Persistent homology tracks these numbers as the radius grows; the plot of these numbers against the parameter r is called a barcode. Long bars suggest features in the data that may be significant (they persist, hence the terminology). Short bars often arise from noise in the data and may be disregarded (or not – context is important).
So what we’ve done is pass from a discrete collection of points to a sequence of more complicated spaces (one for each r) which hopefully model the data much better than a simple linear regression might.
In the above animation, we show how a few points on a circle might be modeled in this way. We have suppressed the balls around the points, connecting two points when their associated balls overlap, forming triangles when three intersect and so on. A circle persists for quite a long time, leading us to guess that our data lie near a circle.

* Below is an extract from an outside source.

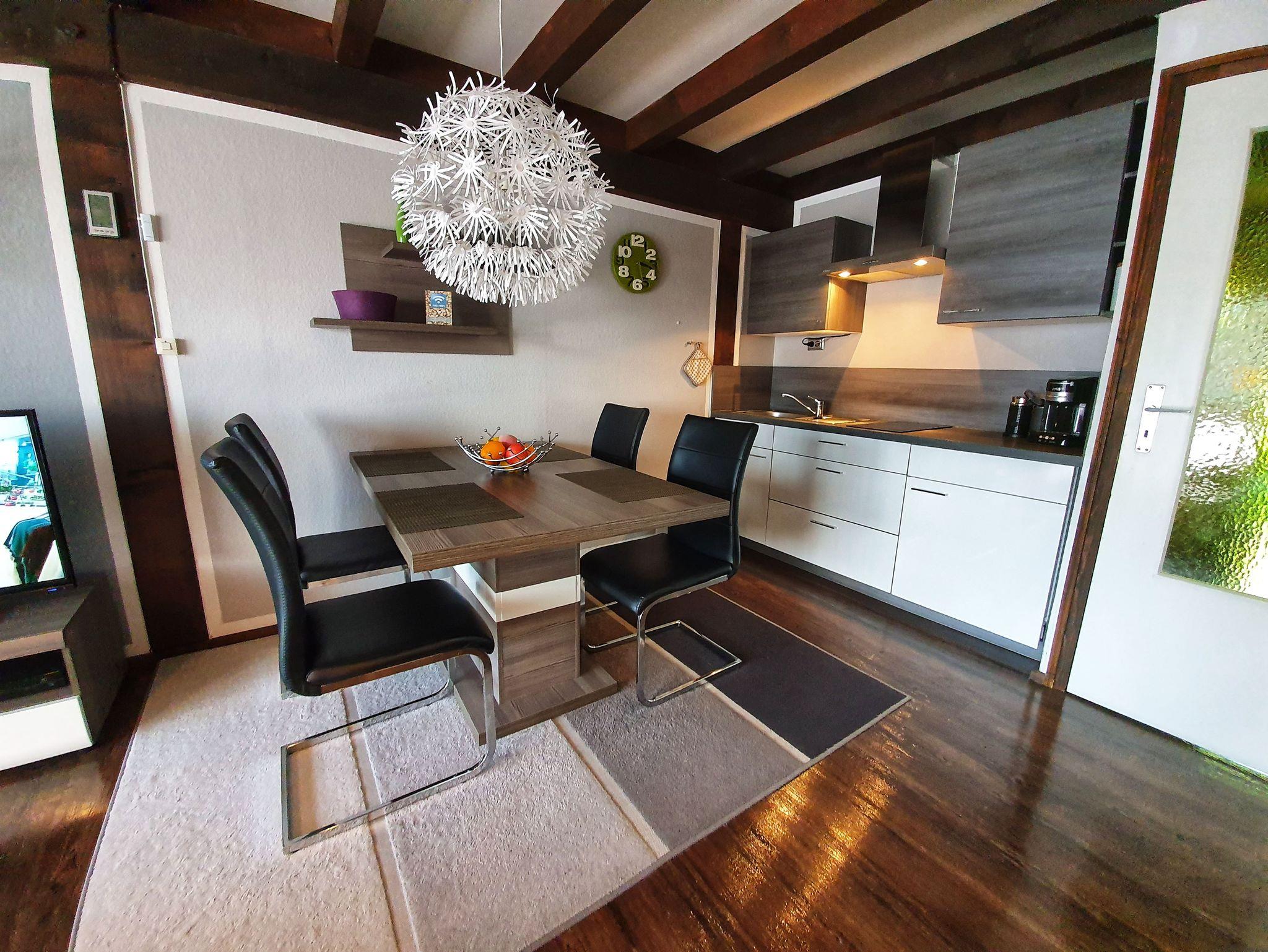 Das liebevoll eingerichtete Appartement, welches sich über zwei Etagen erstreckt (56 m²), kann mit 4 Personen bewohnt werden. Zur Not findet eine 5. Person noch Platz auf der ausziehbaren Couch.

Applications beyond the theory
Gunnar Carlsson of Stanford University is one of the pioneers of topological data analysis. One of his group’s first successes was the discovery of the topology of the space of natural images. This data set consists of several million 3-pixel by 3-pixel patches sampled from black and white digital photographs. Each pixel is described by a number between 0 and 255, measuring its grayscale value; each 3-by-3 patch then corresponds to a point in a 9-dimensional space, each coordinate giving the numerical value of the associated pixel. After tossing out the constant patches and doing some normalizations, this space lies inside a 7-dimensional sphere. At first glance, the set appears to fill out the sphere, but structure emerges by restricting attention to areas where the points pack closer together.
Carlsson and his collaborators showed that the data actually lie on a Klein bottle, a nonorientable 2-dimensional surface embedded in the sphere. They were able to push this further to find a compression algorithm for photos that is slightly better than the industry standard JPEG 2000. Carlsson has published an excellent survey of this work.
In light of this success, Carlsson and some of his colleagues founded AYASDI, a company with a growing roster of clients in banking, finance, government and other industries. They use these and other techniques to analyze diabetes, breast cancer and cardiopulmonary disease data. The results are encouraging – certain subgroups of patients with high survival rates, invisible using traditional statistical methods, may be found via these techniques.
The real promise of these methods, however, lies in the possibility of tailoring treatments and solutions to individuals. Analysis of large data sets lets us know, for example, that a drug once thought to be 80% effective is actually 100% effective on 80% of patients, identifiable via some marker. Topological data analysis provides another tool to advance these analytics, often identifying features that were hidden before.